**WHAT THE TASK REQUIRES:**
No pictures belong in the copy. Retype exactly, and only, the stretch of lines below from the one with "西班牙民众扮丧尸街上游走 迎接奔牛节(组图)" through the one with "定义数对(a1,a2)a1 = 3a2".

**EXERCISE DATA:**
▬▬▬▬▬▬

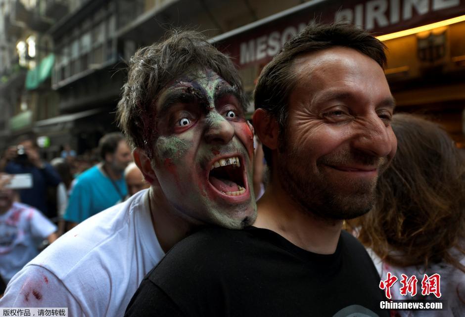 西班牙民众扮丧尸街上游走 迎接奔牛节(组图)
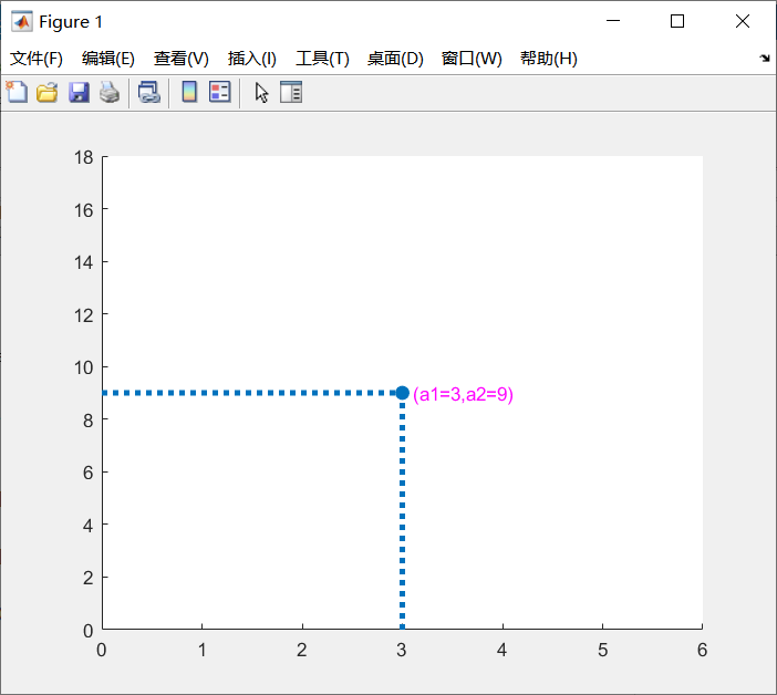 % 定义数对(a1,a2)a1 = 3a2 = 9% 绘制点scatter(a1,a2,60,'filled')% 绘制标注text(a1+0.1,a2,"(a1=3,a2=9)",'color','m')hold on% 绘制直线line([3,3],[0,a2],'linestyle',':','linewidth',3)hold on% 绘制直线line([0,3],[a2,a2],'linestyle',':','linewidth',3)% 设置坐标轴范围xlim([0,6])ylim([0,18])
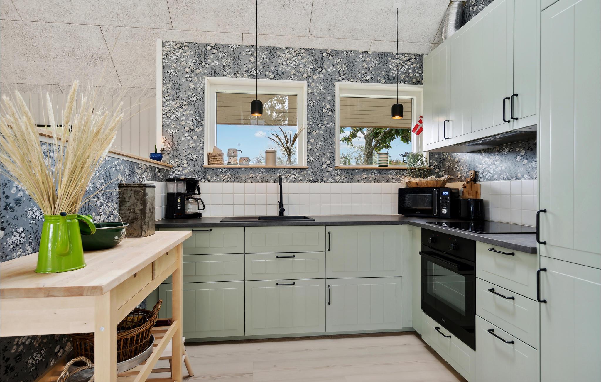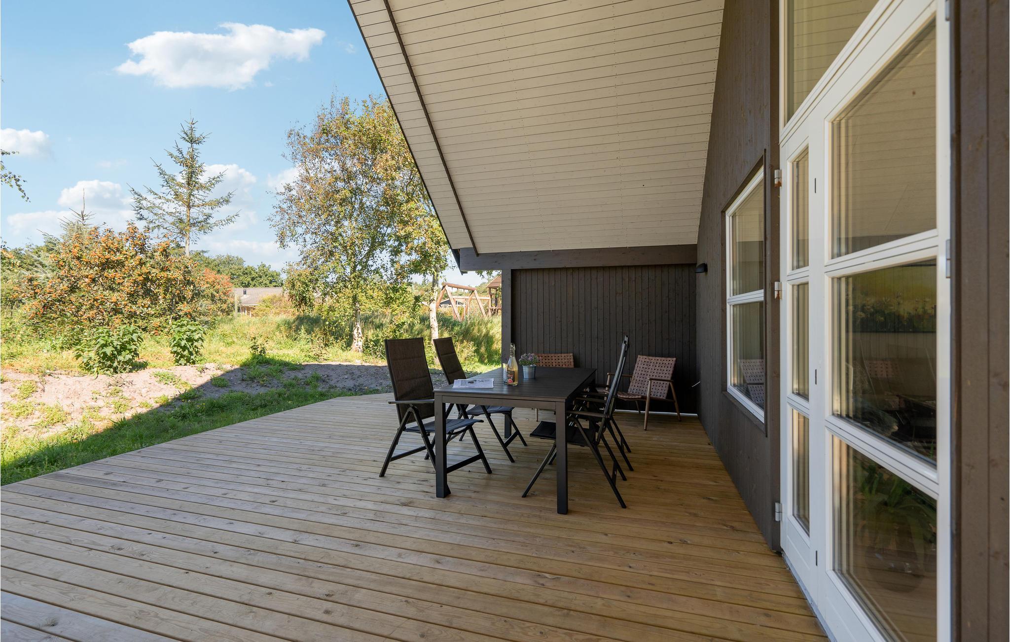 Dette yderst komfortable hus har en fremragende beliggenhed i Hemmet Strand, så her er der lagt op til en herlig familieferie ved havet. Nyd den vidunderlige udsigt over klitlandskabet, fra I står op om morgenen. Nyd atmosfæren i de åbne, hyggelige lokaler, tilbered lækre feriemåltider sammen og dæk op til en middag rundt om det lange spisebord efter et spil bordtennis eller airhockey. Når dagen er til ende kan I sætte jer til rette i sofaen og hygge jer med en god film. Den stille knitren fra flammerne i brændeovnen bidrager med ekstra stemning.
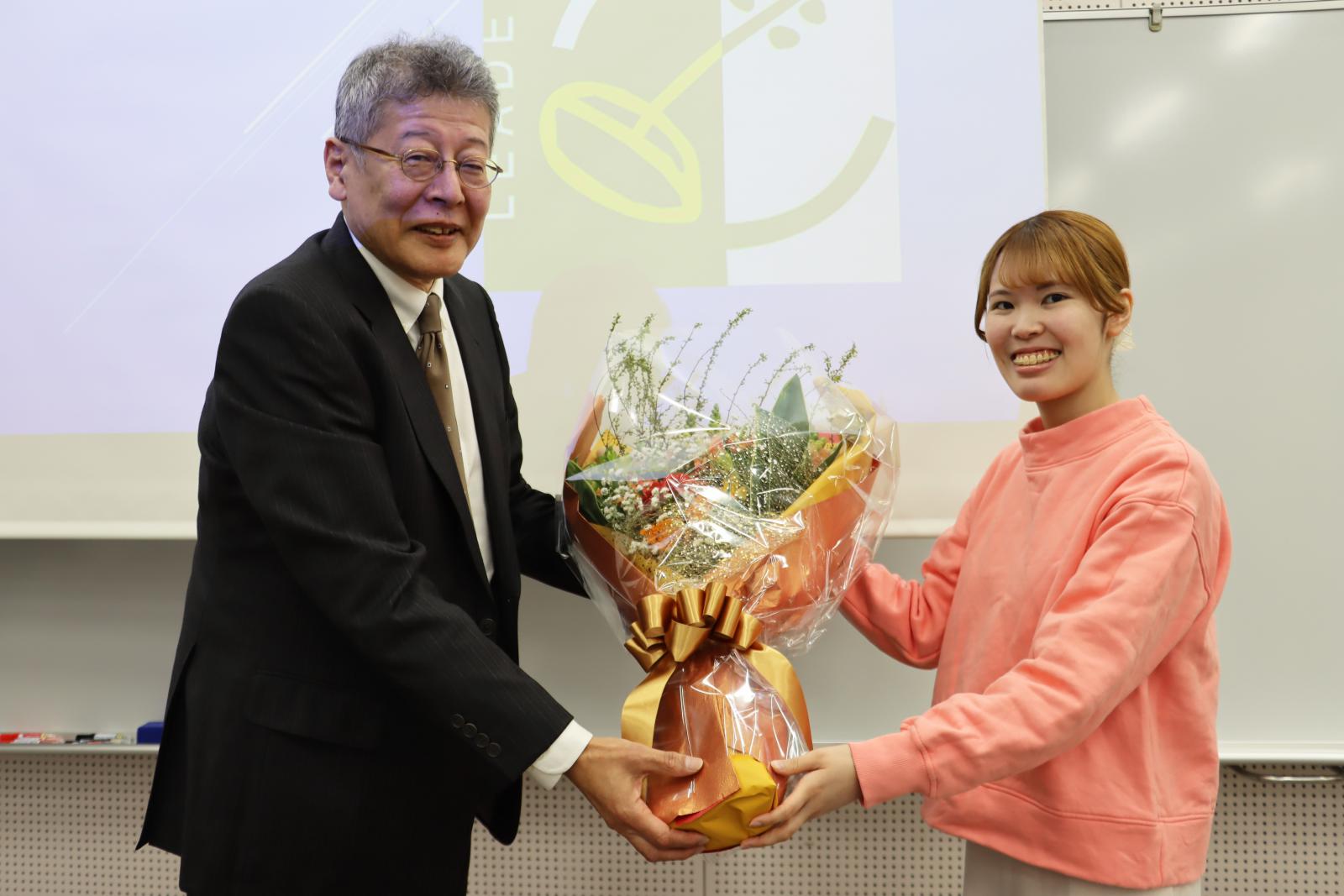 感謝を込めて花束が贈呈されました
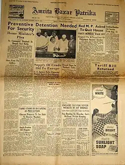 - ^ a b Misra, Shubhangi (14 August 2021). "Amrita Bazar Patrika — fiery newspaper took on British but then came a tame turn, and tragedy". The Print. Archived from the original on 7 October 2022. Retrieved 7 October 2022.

▬▬▬▬▬▬

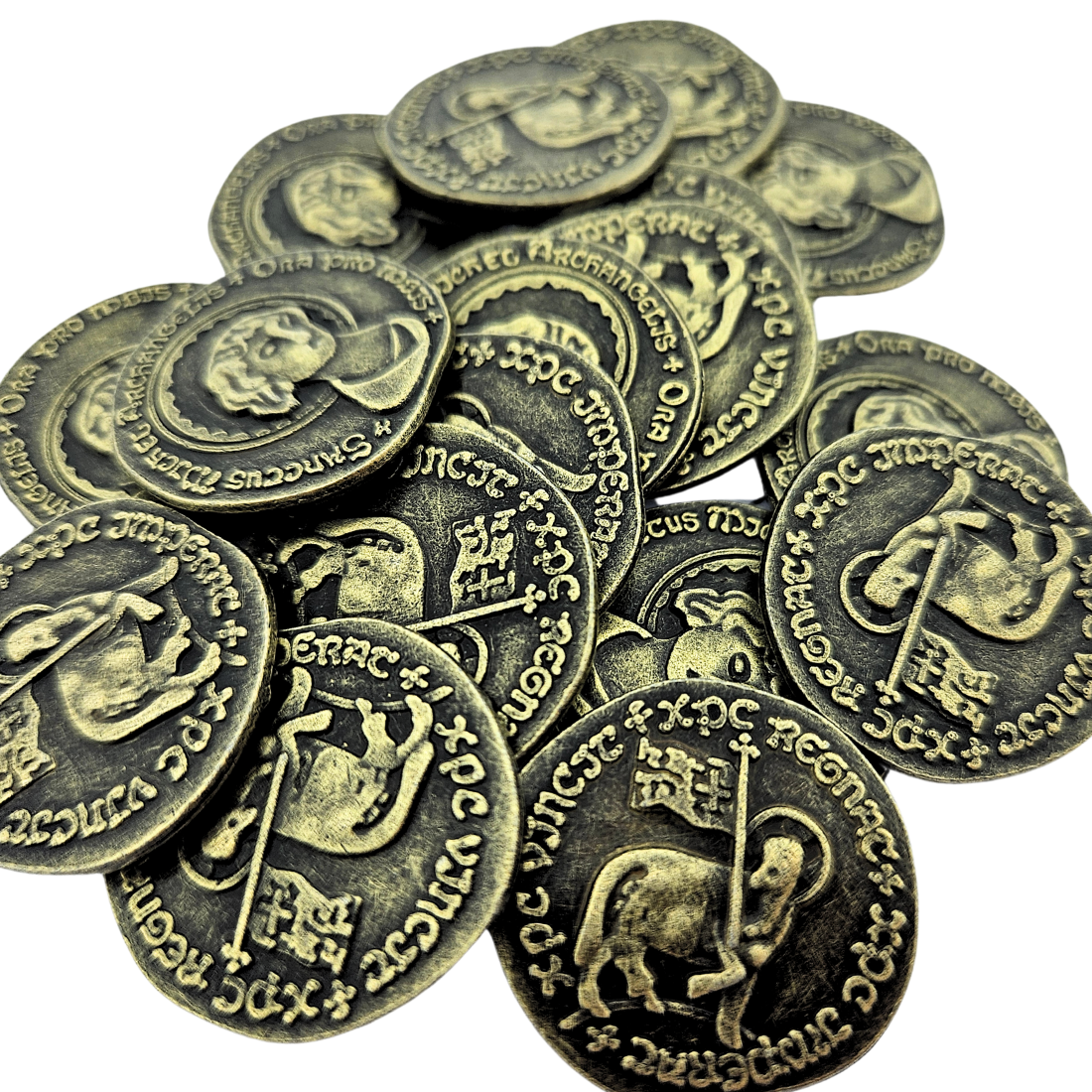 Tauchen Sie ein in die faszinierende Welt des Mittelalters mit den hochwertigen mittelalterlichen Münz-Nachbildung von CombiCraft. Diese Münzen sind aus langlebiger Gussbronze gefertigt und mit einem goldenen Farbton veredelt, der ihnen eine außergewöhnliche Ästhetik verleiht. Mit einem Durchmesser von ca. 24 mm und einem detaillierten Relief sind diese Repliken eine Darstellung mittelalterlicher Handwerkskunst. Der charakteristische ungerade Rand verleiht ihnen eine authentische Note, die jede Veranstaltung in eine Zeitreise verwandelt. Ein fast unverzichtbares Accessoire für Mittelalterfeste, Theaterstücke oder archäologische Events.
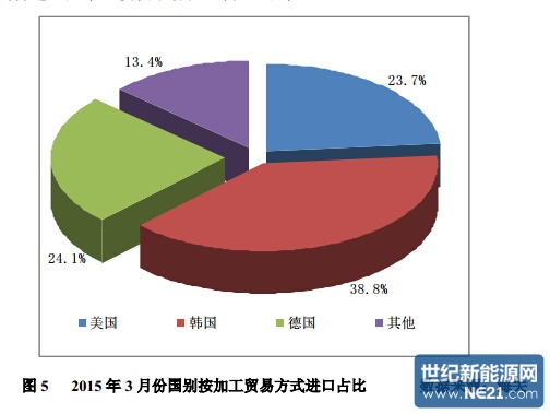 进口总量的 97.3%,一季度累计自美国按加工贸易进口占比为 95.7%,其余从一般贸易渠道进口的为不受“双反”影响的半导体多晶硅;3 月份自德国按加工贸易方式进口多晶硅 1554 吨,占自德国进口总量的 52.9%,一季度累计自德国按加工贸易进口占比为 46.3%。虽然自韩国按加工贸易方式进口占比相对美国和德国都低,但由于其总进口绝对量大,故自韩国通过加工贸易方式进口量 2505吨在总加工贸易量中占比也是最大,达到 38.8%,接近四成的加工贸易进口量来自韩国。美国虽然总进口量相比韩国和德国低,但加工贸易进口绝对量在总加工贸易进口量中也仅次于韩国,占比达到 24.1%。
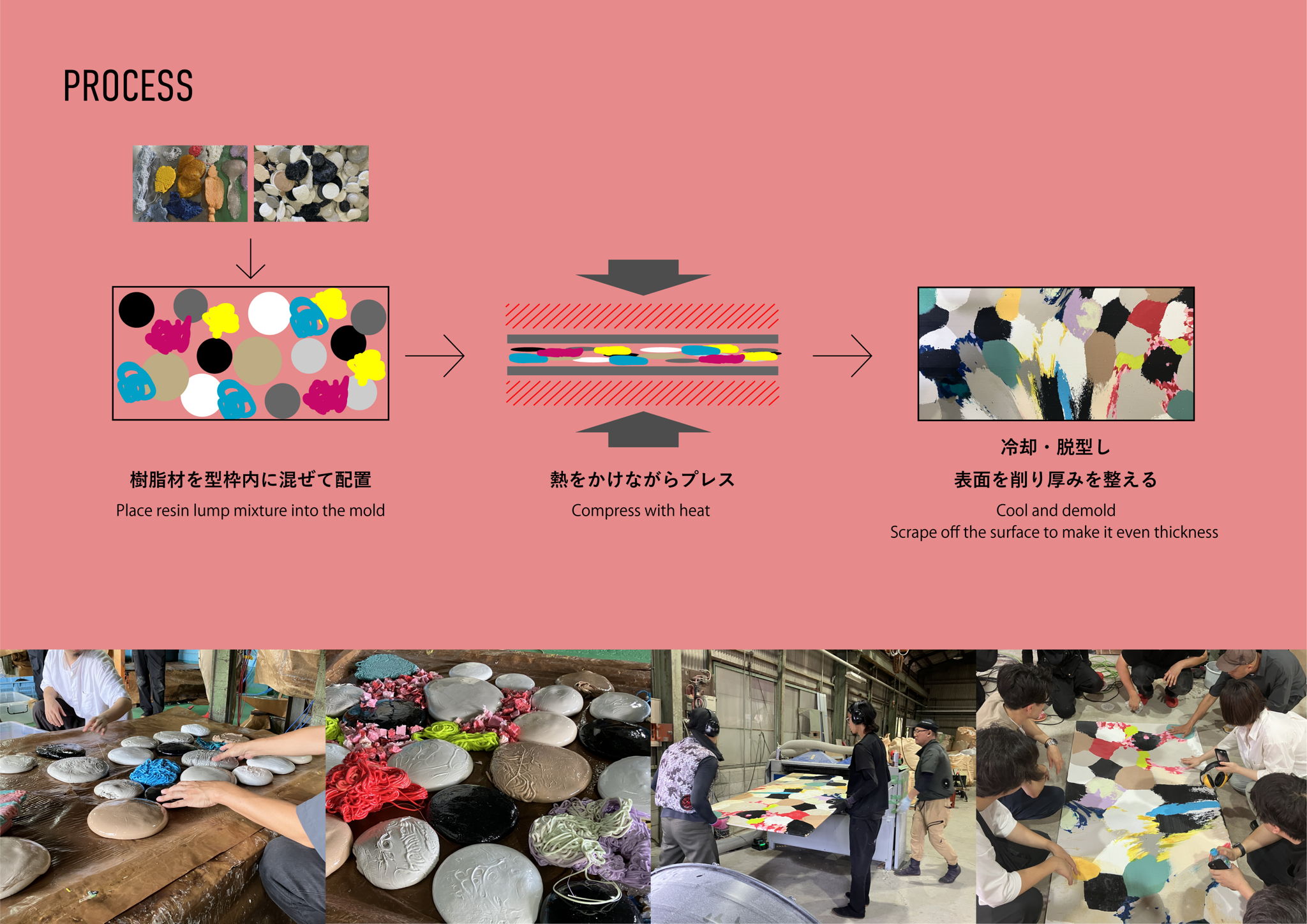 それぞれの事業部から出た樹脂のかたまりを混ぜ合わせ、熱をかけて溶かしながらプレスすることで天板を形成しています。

▬▬▬▬▬▬

**PROBLEM SOLUTION:**
 西班牙民众扮丧尸街上游走 迎接奔牛节(组图)
 % 定义数对(a1,a2)a1 = 3a2 = 9% 绘制点scatter(a1,a2,60,'filled')% 绘制标注text(a1+0.1,a2,"(a1=3,a2=9)",'color','m')hold on% 绘制直线line([3,3],[0,a2],'linestyle',':','linewidth',3)hold on% 绘制直线line([0,3],[a2,a2],'linestyle',':','linewidth',3)% 设置坐标轴范围xlim([0,6])ylim([0,18])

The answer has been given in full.